* [INPUT DATA]

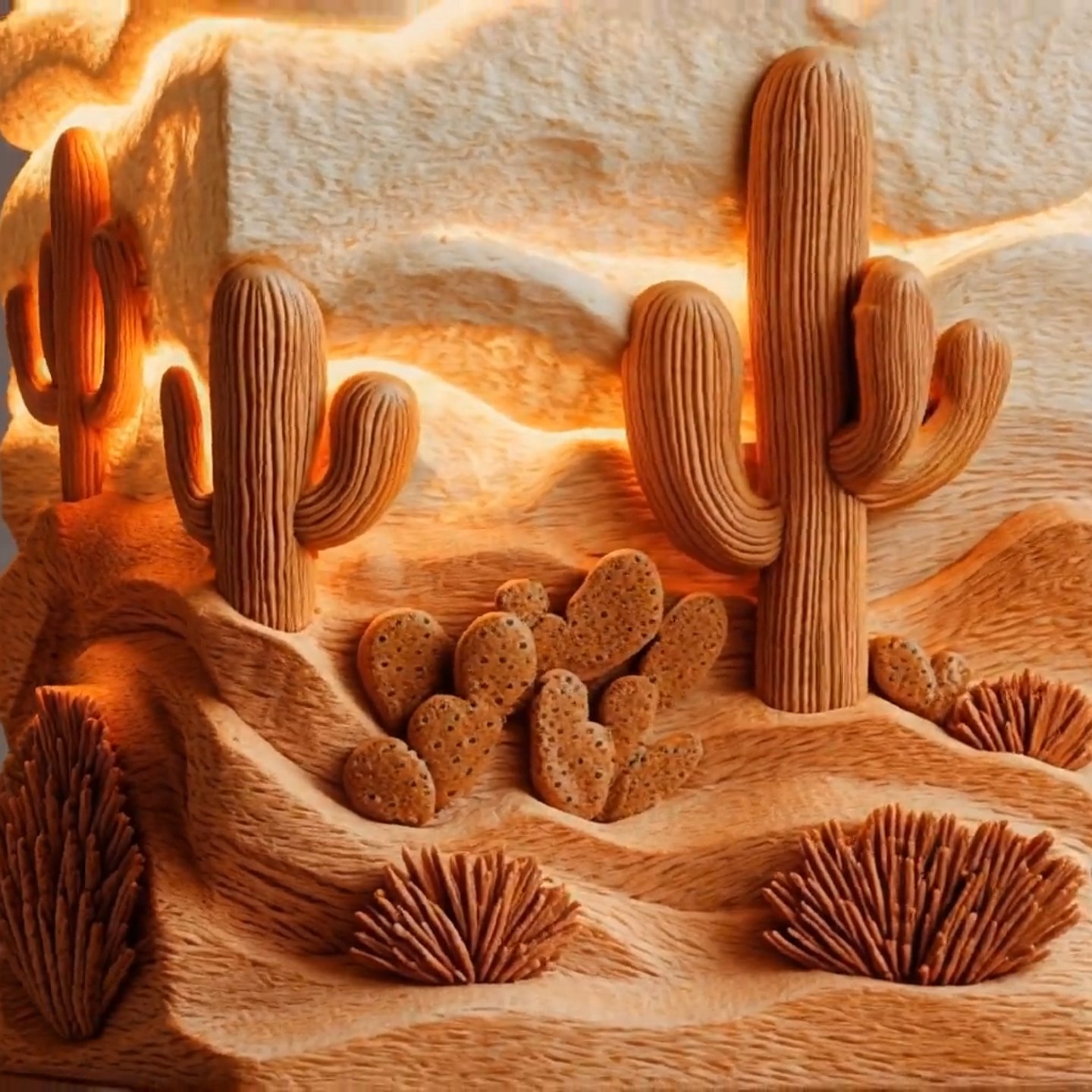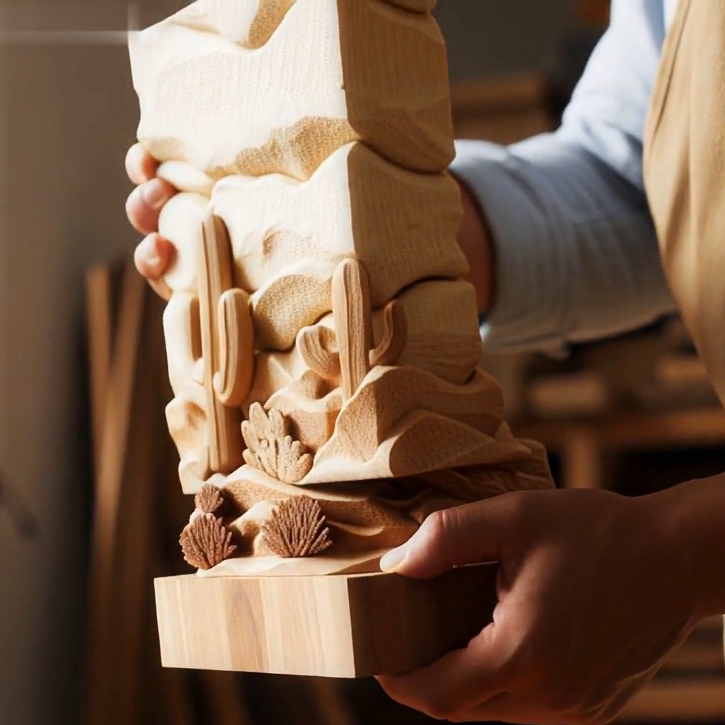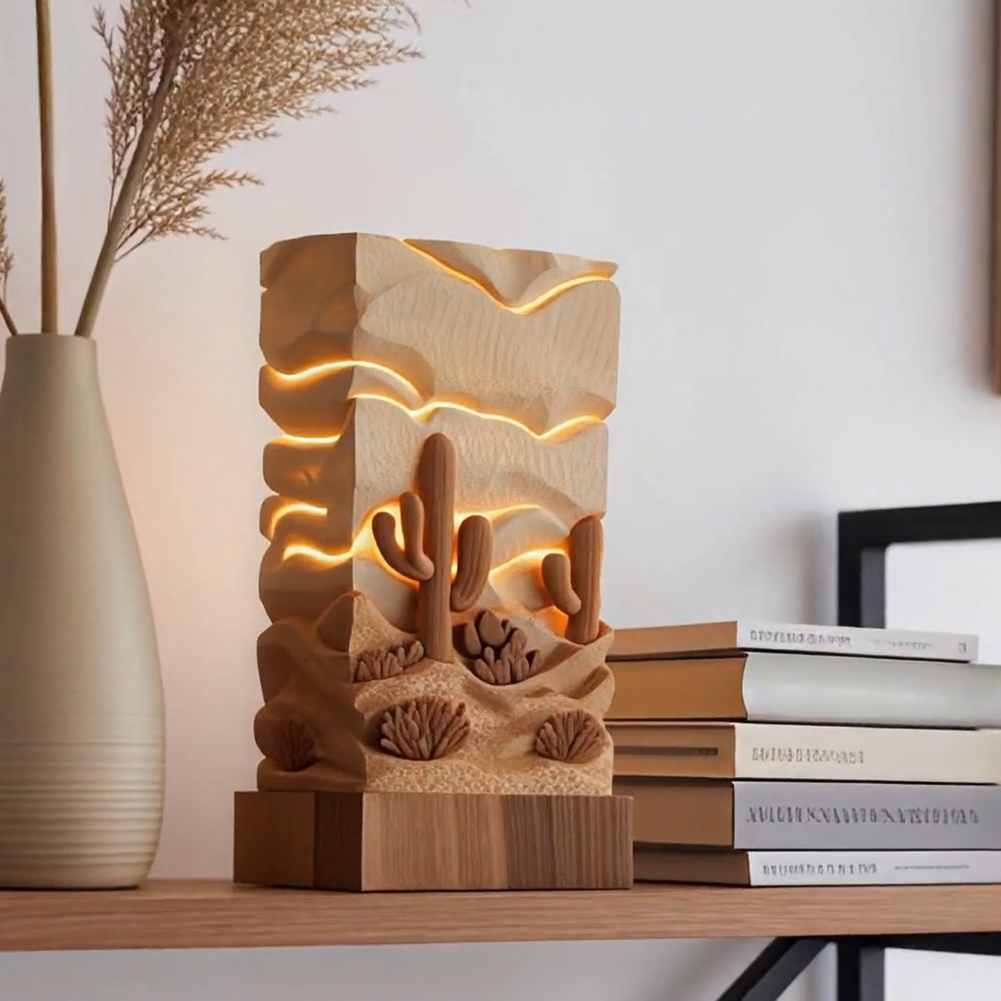 Transform your living space into a serene retreat with our Desert Cactus Aromatherapy Lamp. Expertly carved from sustainable wood, this piece captures the rugged beauty of a desert landscape, featuring detailed Saguaro cacti and rolling dunes. The layered relief design comes alive when illuminated, casting a soft, golden glow that mimics a peaceful Arizona sunset.
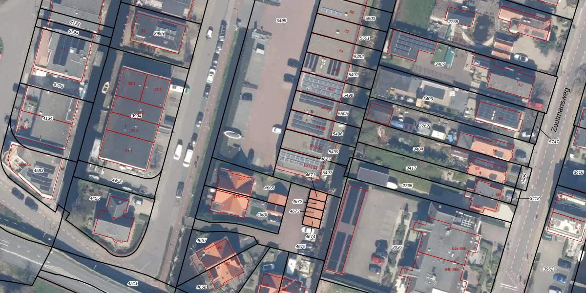 Het adres is gelegen op perceel 5499 in de sectie B en de kadastrale gemeente Reeuwijk. De kadastrale aanduiding is aldus RWK02-B-5499. Het perceel is 165 m² groot. Dat is kleiner dan de gemiddelde perceeloppervlakte in Reeuwijk, dat op 4985,57 m² ligt. Het grootste perceel in de kadastrale gemeente is 1,50 km². Het kleinste perceel heeft een oppervlakte van 0 m². Op het perceel liggen in totaal 2 adressen. In de Basisregistratie Kadaster (BRK) werden de grenzen van het perceel geregistreerd op 16-07-2019.
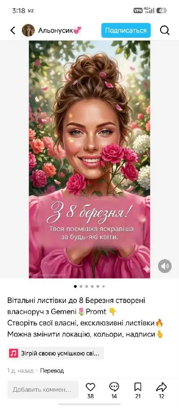 С 8 марта мои дорогие подписчики!!! Мне прислали скрин , что кто то взял мой Промт , мой ответ

* [PROBLEM STATEMENT] The task calls for repeating each line above exactly while excluding the pictures.

* [RESPONSE AREA]
 Transform your living space into a serene retreat with our Desert Cactus Aromatherapy Lamp. Expertly carved from sustainable wood, this piece captures the rugged beauty of a desert landscape, featuring detailed Saguaro cacti and rolling dunes. The layered relief design comes alive when illuminated, casting a soft, golden glow that mimics a peaceful Arizona sunset.
 Het adres is gelegen op perceel 5499 in de sectie B en de kadastrale gemeente Reeuwijk. De kadastrale aanduiding is aldus RWK02-B-5499. Het perceel is 165 m² groot. Dat is kleiner dan de gemiddelde perceeloppervlakte in Reeuwijk, dat op 4985,57 m² ligt. Het grootste perceel in de kadastrale gemeente is 1,50 km². Het kleinste perceel heeft een oppervlakte van 0 m². Op het perceel liggen in totaal 2 adressen. In de Basisregistratie Kadaster (BRK) werden de grenzen van het perceel geregistreerd op 16-07-2019.
 С 8 марта мои дорогие подписчики!!! Мне прислали скрин , что кто то взял мой Промт , мой ответ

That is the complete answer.